ブランド品を身につけなくなって、しばらく経つ。
といっても、時計やシルバーアクセサリーの類は別だが。
ここでいうブランド品は、女性ならではのハイブランドのこと。
ちなみに、私がブランド品を避けているわけではない。
あちらが私を避けているのだ。
例えばシャツやニットを試着したとき、危うく脱げなくなる。
バストが巨乳だからではない、チェストが巨乳なのだ。
それに加えて肩回りや背中が分厚いため、私の身長からするとМサイズのはずが、袖を通してしまうとピッタリすぎて脱げなくなる。
その結果、店員に助けを求め、衣服を伸ばさないように脱がせてもらうことになる。
パンツ類も同じだ。
とくに尻と太ももが立体的な私は、パンツを上げる際、最後まで上がりきらない恐れがある。

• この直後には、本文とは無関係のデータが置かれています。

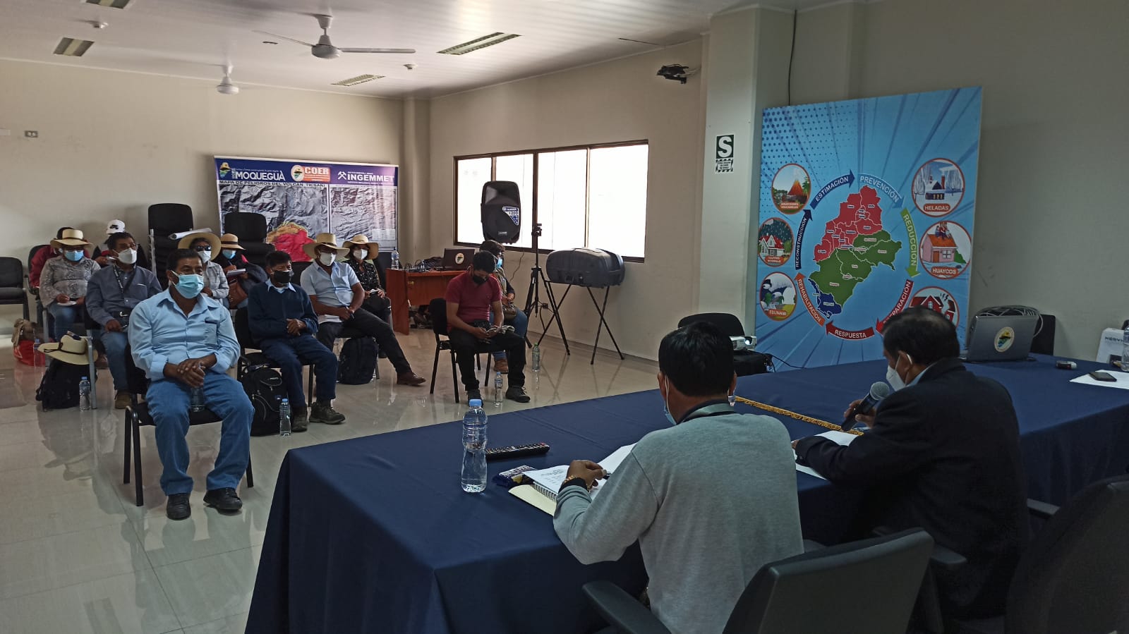 La reunión se llevó a cabo de manera presencial para las autoridades de Moquegua y de manera virtual para autoridades de INGEMMET, IGP, SENAMHI y CENEPRED, en las instalaciones del Centro de Operaciones de Emergencia Regional – COER Moquegua.
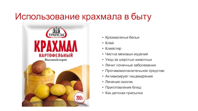 Использование крахмала в бытуКрахмаленье бельяКлейКлейстерЧистка меховых изделийУход за шерстью животныхЛечит почечные заболеванияПротивовоспалительное средствоАктивизирует пищеварениеЛечение ожоговПриготовление блюдКак детская
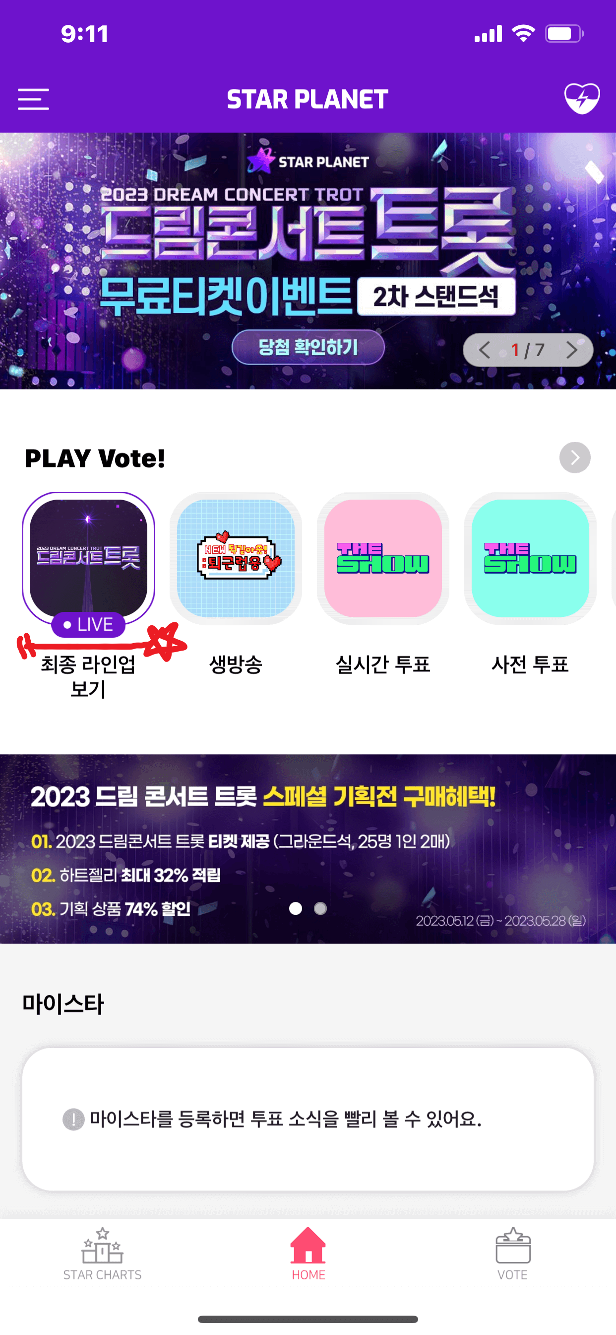 1) 휴대폰에 있는 스타플래닛 앱을 실행합니다.
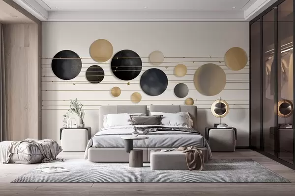 Fototapet Design abstract modern cu cercuri texturate în tonuri de alb, galben și gri, conectate prin linii subțiri, artă minimalistă Nr. w09060
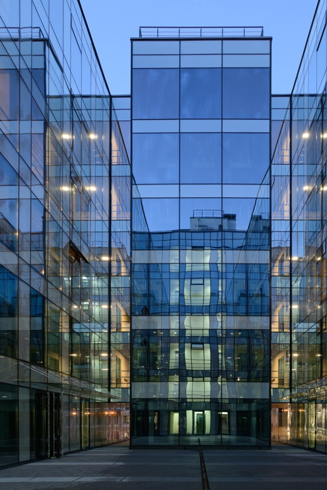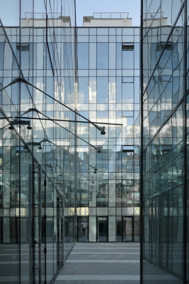 Второй объем, входящий в состав комплекса – совершенно противоположен первому, строго воспитанному консерватору. Об архитектуре, спрятанной в глубине двора офисной части хочется сказать, что этот второй дом – затаившийся оппозиционер, стеклянное современное тело внутри исторического квартала. Офисная часть, конечно же, не совсем стеклянная, это было бы слишком просто и прямолинейно. Но вот ее двор-атриум – стеклянный совершенно, и переход в него тоже состоит целиком из стекла. Он расположен за миниатюрной площадью между костелом и жилым домом (о которой мы уже упоминали) и нанизан с этой мини-площадью на одну общую ось, перпендикулярную линии улицы. Перпендикуляр – символ противоположности, – более чем уместен. Двор противопоставлен улице, стекло – камню городского фасада.
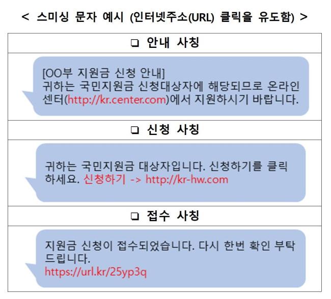 정부는 국민지원금 신청·지급이 시작되는 6일부터 각 통신사 명의로 '스미싱 피해예방 문자'를 순차 발송하는 등 다양한 창구를 활용해 스미싱에 대한 이용자의 경각심을 높이고자 하며, 24시간 모니터링을 실시하고, 신고·접수된 스미싱 정보를 분석해 악성앱 유포지를 즉시 차단하는 등 이용자의 피해를 최소화하기 위해 총력을 다한다는 방침이다.
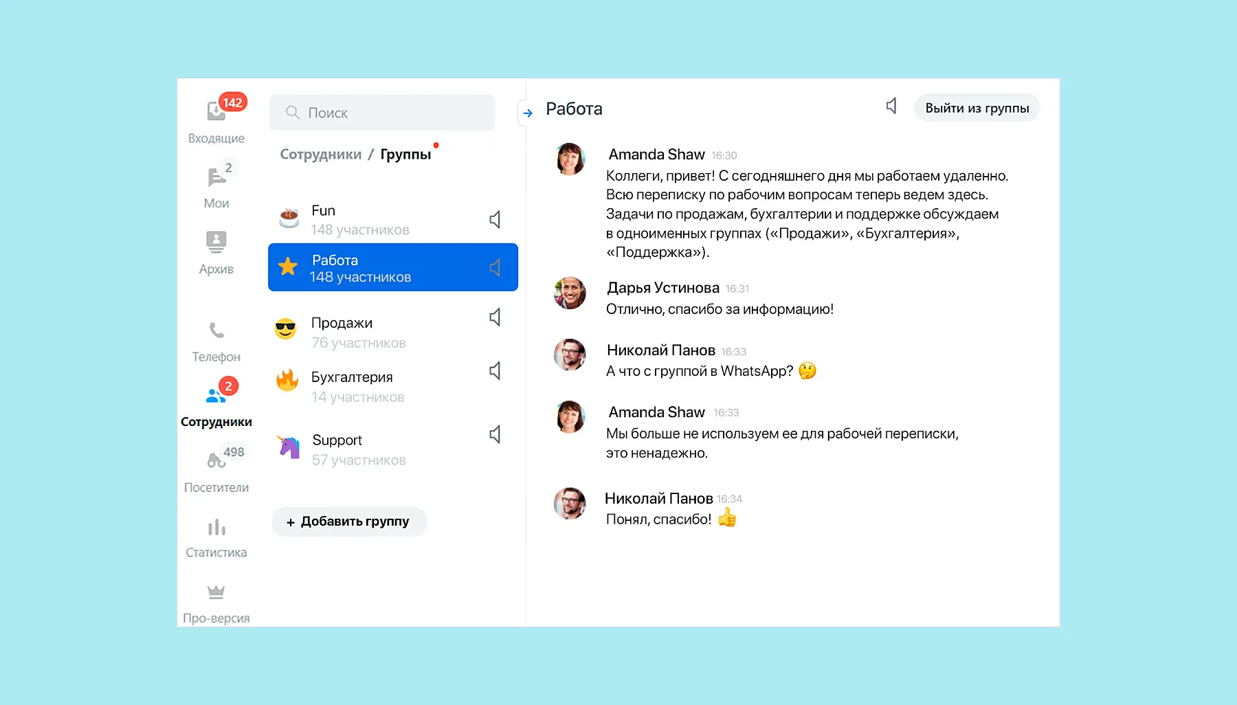 Пользоваться чатами Jivo так же просто, как и привычными мессенджерами. Любой участник команды может добавить новых сотрудников в группу, и они будут сразу на связи с командой. При этом есть очевидные преимущества для бизнеса. К примеру, если сотрудник уволится, то доступ к перепискам быстро отключит администратор. Человек больше не сможет просматривать историю сообщений, скачивать файлы и общаться с коллегами.

恐ろしかったのは、細身のストレッチパンツがひざで止まってしまったときだ。
これはつまり、そのブランドを選ぶ女性の大半の太ももが、私のふくらはぎと同じ太さだということを暗に示している。
言い換えると、ハイブランドが私を拒絶している。
ああいう店の試着で一番やっかいなのは、試着室の外で店員が待ち構えていることだ。
「いかがですか〜?」
いらん心配をしてくれる。
「あ、いい感じです」
と必然的に言わされるわけだが、ツワモノともなるとその先がある。
「大きな鏡でもご覧ください~」
この強制的な指示たるや。
パンツが上がり切らずジッパーがブイの字に全開となっているにもかかわらず、外へ出てこいだと?
「あ、大丈夫ですぅ」
この無神経め、とやんわり断る。
すると、
「お似合いだと思いますから、ぜひこちらで見せてくださ〜い」
キ、キサマ・・・。
ちなみに無理やり履いたパンツを脱ごうとすると、真っすぐ下ろしたところで脱げない。
私の足に食い込まんばかりにパンツが貼りついているため、バナナの皮をむくように、パンツを裏返しにして脱ぐしかないのだ。

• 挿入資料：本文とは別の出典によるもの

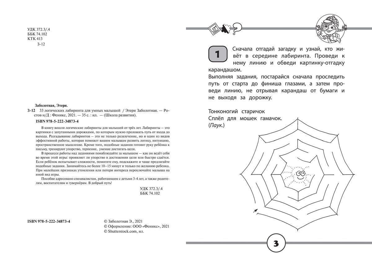 В книгу вошли логические лабиринты для малышей от трех лет. Лабиринты - это картинки с запутанными дорожками, по которым нужно проложить путь от входа до выхода. Разгадывание лабиринтов - это не только развлечение, но и один из видов эффективной работы, которая поможет вашим малышам развить логику, интуицию, пространственное мышление. Кроме того, подобные задания готовят руку ребёнка к письму, тренируют упорство, терпение, умение достигать цели.
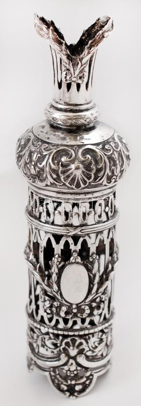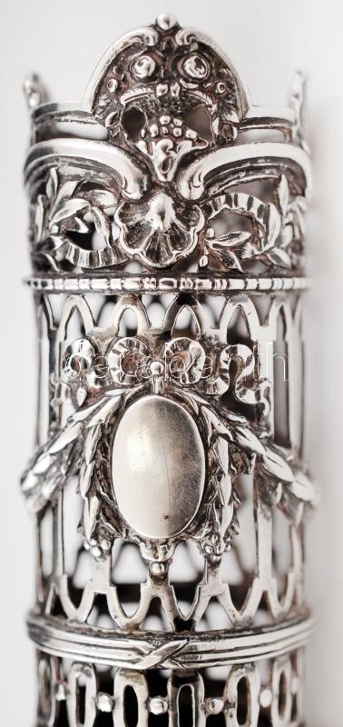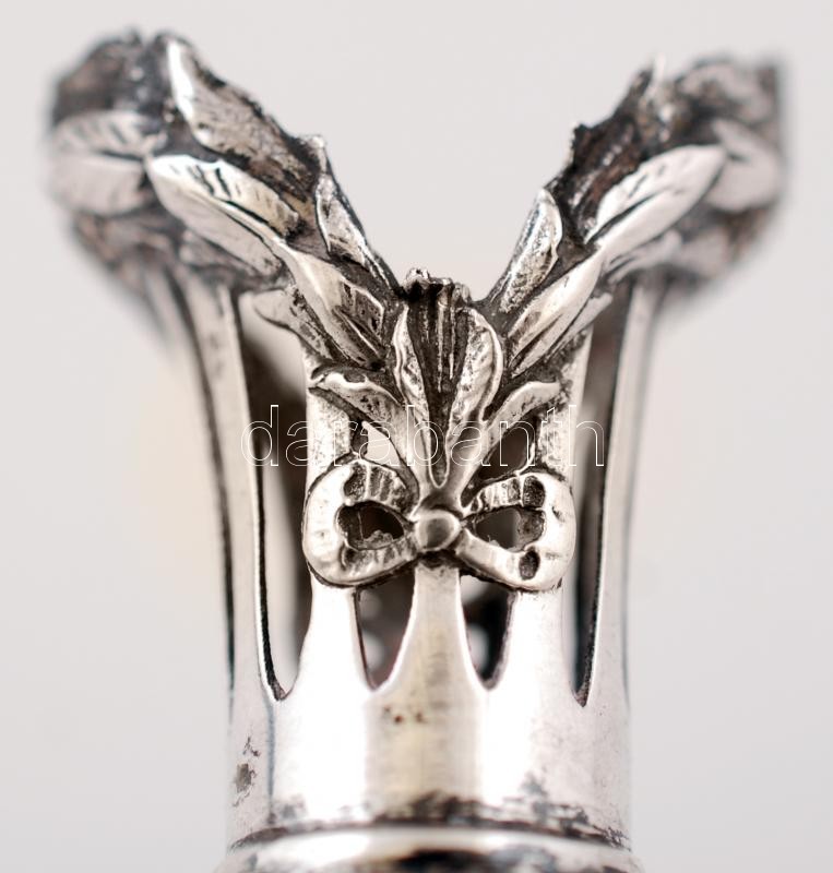 Beschreibung: Dekoratív, növényi motívumokkal rendkívül gazdagon díszített ezüst (Ag.) tartó, jelzés nélkül, m: 17 cm, nettó 117 g

最後はかかとに引っかかり、そのままきれいに裏返しとなってパンツが私から離脱。
その点、ユニクロは優しいーー
*
ティファニー銀座三越店での出来事。
5年ほど前に購入したお気に入りの一粒ダイヤのネックレスがあり、その長さを調整してもらうため、店舗を訪れた。
ティファニーと言えば女性の憧れのブランドであり、男性からしても「ティファニー贈っとけば安牌(アンパイ)」と、定評のあるジュエリーブランド。

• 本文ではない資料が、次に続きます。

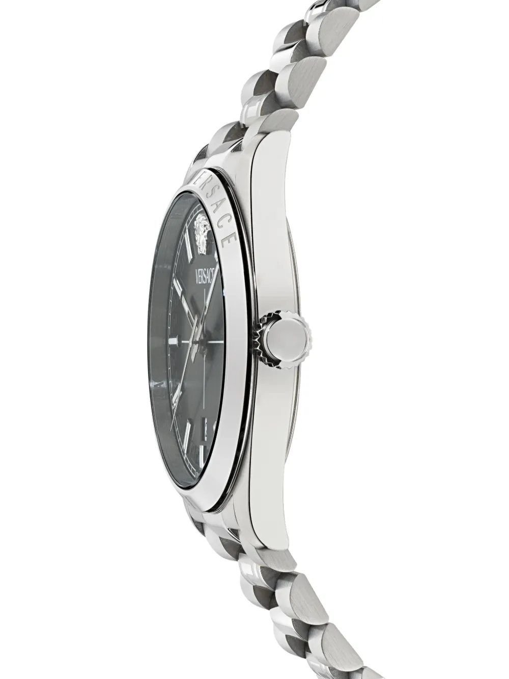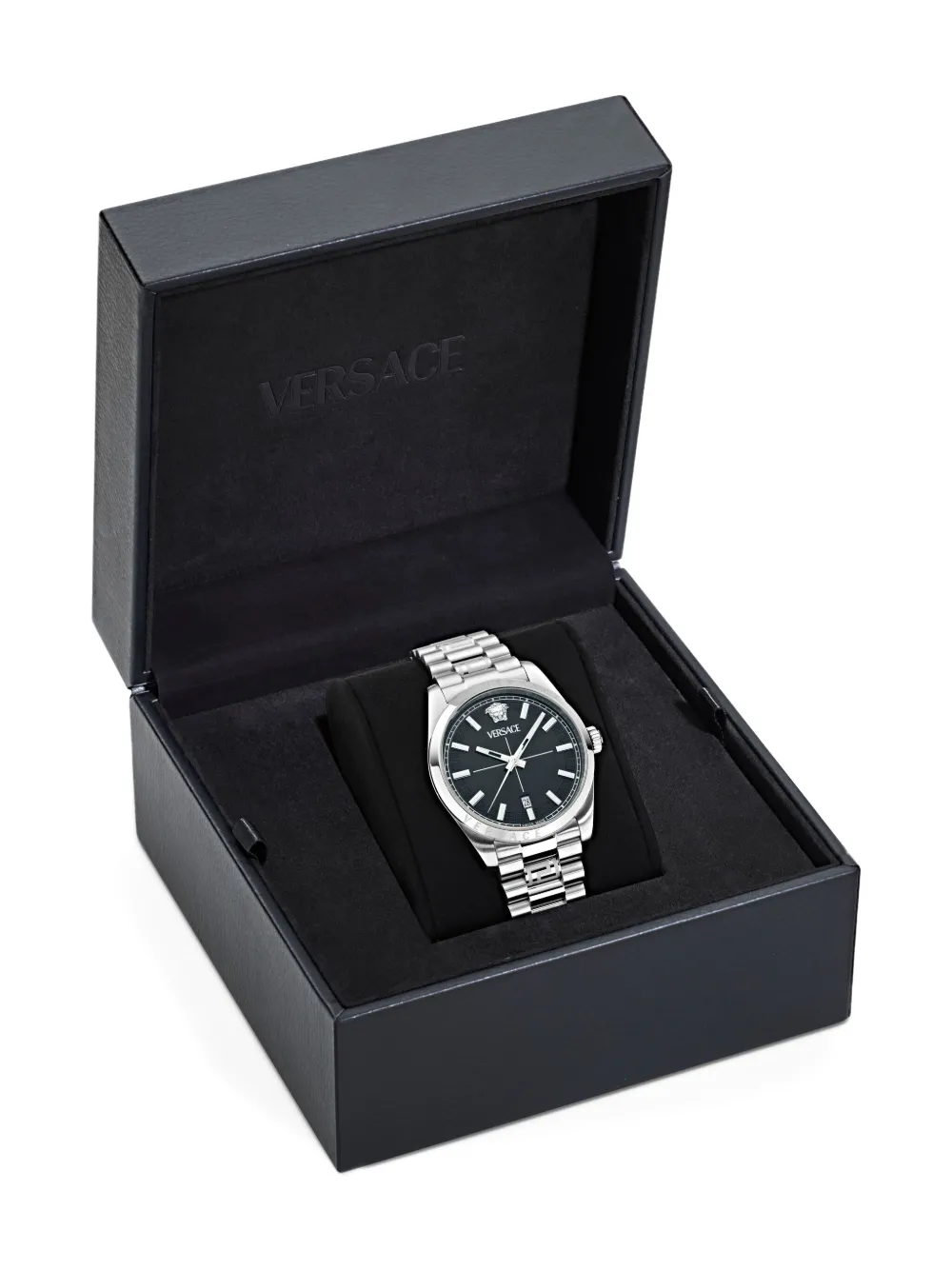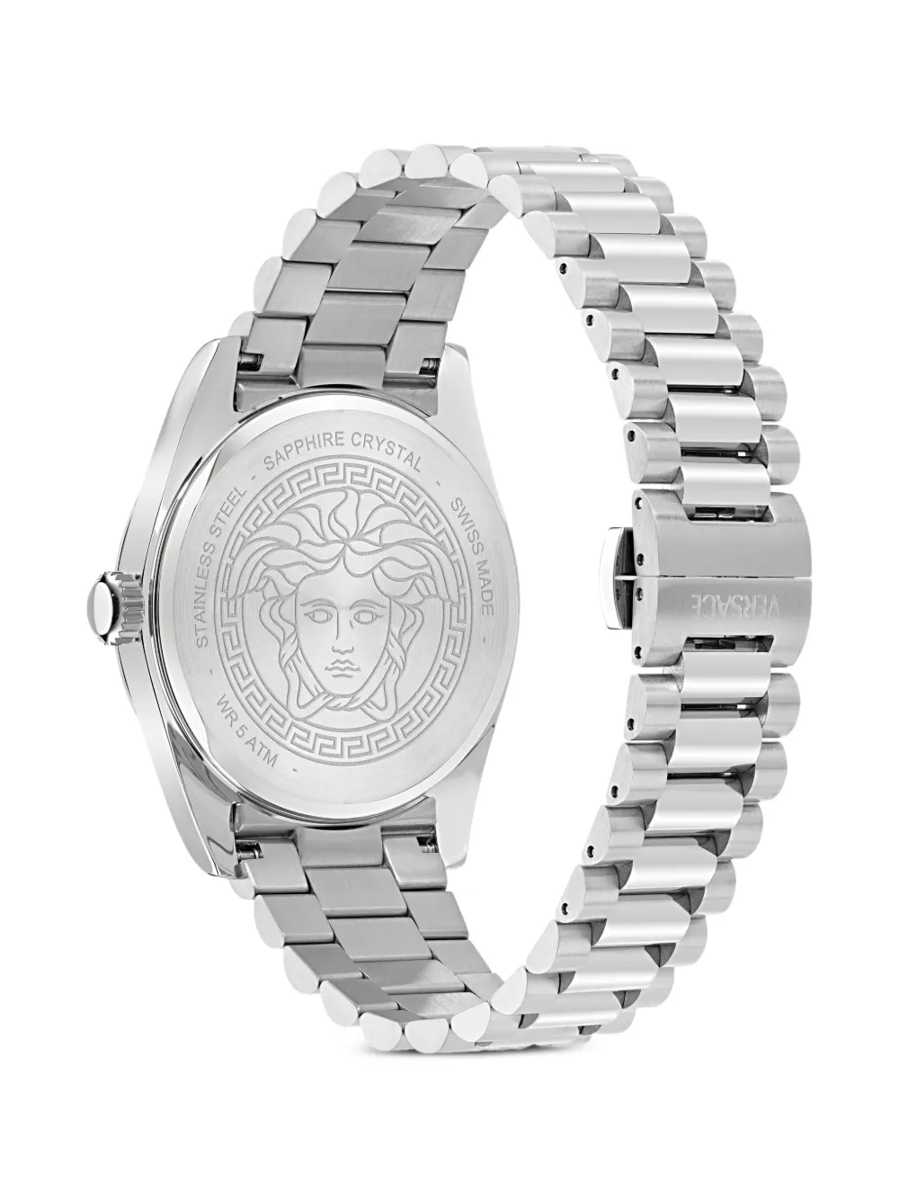 Highlights silver-tone round case 40 mm black dia Medusa Head and index markers plain bezel quartz movement push-pull crown engraved logo This item comes with a standard one-year warranty from the boutique. Imported FARFETCH ID: 31943497 Brand style ID: VE0G00725 Composition Sapphire Crystal 100%, stainless steel 100%

店員の教育も行き届いており、常に笑顔で所作の一つ一つが優雅で美しい。
「いらっしゃいませ」
美人な店員に声をかけられる。
「ネックレスを短くしたいのですが」
首に付けたネックレスを触りながら私は言う。
「どうぞ、こちらへ」
言いながらサッと椅子を引き、そこへ座らされる。
店員は、立派な鏡を目の前に置くと私の背後へ回り、ネックレスをつまんで長さを決める。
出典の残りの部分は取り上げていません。